As a youth coach, it is your job to ensure that your team has fun playing the game while developing their skills. It is also your responsibility to communicate your expectations for practice and game days to parents. It is important to set the tone early on in terms of what are acceptable levels of parental involvement. It can be a great thing when parents are engaged, but there is a line that can be crossed when they go beyond being engaged and become a nuisance. When this happens, it takes away from the enjoyment of the game. Here are some tips to help navigate difficult parents on your team.
Set the Tone
One of the best ways to temper expectations is to set the tone early. Let parents know that you are always happy to discuss methods and strategies in terms of safety, but you will not discuss playing time. As a coach for kids, you know the season is about much more than wins and losses. You know that skill development is important, along with imparting life lessons on teamwork and a strong work ethic. Being an effective youth coach is all about keeping an eye on the big picture, and if you let parents know where your focus is and what your goals are, you can hopefully calm some of the more overzealous parents.

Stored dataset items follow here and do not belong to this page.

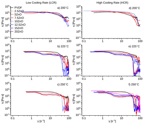 Lower shear viscosity and elasticity have been related to ease of 3D printing and quality [53,54]. The viscosity curves (Figure 6) obtained from the rheometer show a broad plateau of constant shear viscosity, e.g., below shear rates of 10 s−1 for pristine PVDF. Above shear rates of 10 s−1, there is a significant reduction, e.g., one order of magnitude, of the shear viscosity as a function of the temperature. There are no significant differences between the HCR and LCR samples using pristine PVDF. However, ZnO-PVDF nanocomposite samples exhibit increased shear stress (Supporting Information Figure S5) and shear viscosity (Figure 6) at temperatures below 200 °C. Suggesting, a reinforcing effect due to the ZnO nanoparticles. This effect also increased pressure on the extruder for ZnO concentration above 15%, resulting in a reduction of the extrusion speed to produce a uniform filament. However, at higher temperatures, above 225 °C, ZnO produced a reduction of the shear viscosity of ≈678 and ≈827 Pa·s for the LCR and HCR, respectively, at lower shear rates of ≈2 s−1 than the pristine PVDF. The thinning effect of the ZnO is more significant with HCR of PVDF nanocomposites, reaching a minimum shear viscosity of ≈68 Pa·s, and shear stress of ≈680 Pa, at 250 °C and 10 s−1, for a ZnO concentration of 7.5–12.5%. The ZnO thinning effect can be attributed to the ZnO nanoparticle size being smaller than the polymer’s RMS radius of gyration as seen before by Mackay et al. and Kairn et al. [55,56]. However, as the concentration of ZnO increases above 12.5%, the shear viscosity (Figure 6) and shear stress of PVDF (Figure S6) began to increase. The filler-like behavior is attributed to the large concentration of ZnO and agglomeration of the nanoparticles (Supporting Information Figure S3). Similar thinning behavior, for <12.5% ZnO, and filler-like behavior, for >12.5% ZnO, is present in both the LCR and HCR samples for temperatures above 225 °C. Due to the thinning effect of ZnO, PVDF-ZnO nanocomposites have significant lower viscosities, ≈10 Pa·s, than pristine PVDF, ≈100 Pa·s, at higher shear rates, e.g., ≥100 s−1. Thus, making PVDF-ZnO nanocomposite a better option for FDM 3D printers since typical shear rates at the nozzle are in the range of 102–103 s−1 depending on the printing filament speeds [54].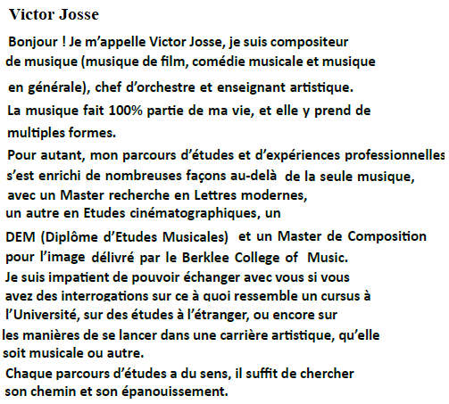 JOSSE Victor | Bac L option OIB | License et Master de Lettres modernes (Rennes 2), Master d'études cinématographiques (Rennes 2), DEM de composition (Conservatoire de Rennes), Master of Music Scoring for Film TV Video Games (Berklee College of Music) | D307 | ||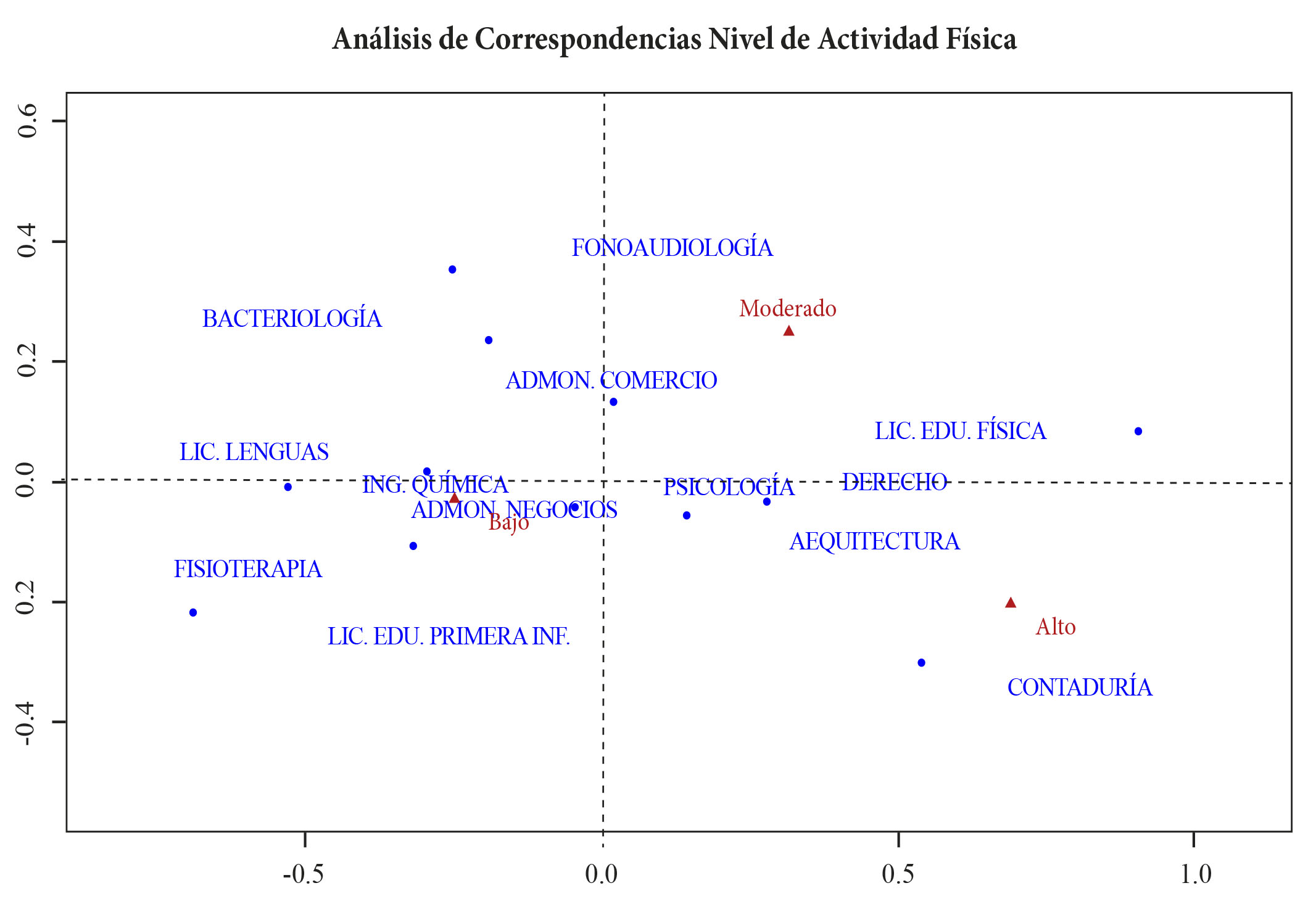 Por ejemplo, al nivel de actividad Alta se asocian los pregrados de Contaduría Pública y Licenciatura en Educación Física, en menor medida se asocian los programas de Arquitectura y Derecho; estos mismos programas se acercan más al nivel moderado que al bajo, por lo que claramente son los pregrados con mayor actividad física. Al nivel de actividad moderado se asocian en mayor medida los programas de Fonoaudiología y Administración de Comercio. Al lado izquierdo del plano se ubican los pregrados asociados con actividad física baja, entre ellos se encuentran Licenciatura para la primera infancia y Licenciatura en Lenguas, Ingeniería Química, Administración de Negocios y Fisioterapia. El pregrado en Psicología se encuentra casi igualmente distante a los 3 niveles de actividad, lo que indica que los estudiantes de este pregrado se dividen similarmente en las 3 categorías. Finalmente, la asociación entre el nivel de actividad física y el programa académico de pregrado arrojó un p-valor < 0,0001, esto permite decir que el nivel de actividad física depende del programa académico que curse el estudiante.

Difficult parents can be grating. Many youth sports organizations have come together to empower coaches and referees to use ejections and forfeits as a means to combat difficult parents who are negatively impacting the game. However, before it gets to that point, it is important to remain calm. Remember that when a parent is crossing a line at a game or practice, it has more to do with them than the job you are doing as a coach. Stay calm, do your best to let the parent feel heard without changing your strategy, and if the difficult parent persists, have a referee excuse them for the remainder of the game.
Coach For the Players
When parents become overbearing and begin to demand more playing time for their child or are being difficult in general, it can become easy to second guess yourself. A word of advice: don’t. You have cultivated your approach from your own experiences. You are taking lessons you learned from coaches you had in the past and applying them to your coaching philosophy. Overbearing parents won’t care, but as long as you can leave the field knowing you did the absolute best you could for your team, you will have done your job.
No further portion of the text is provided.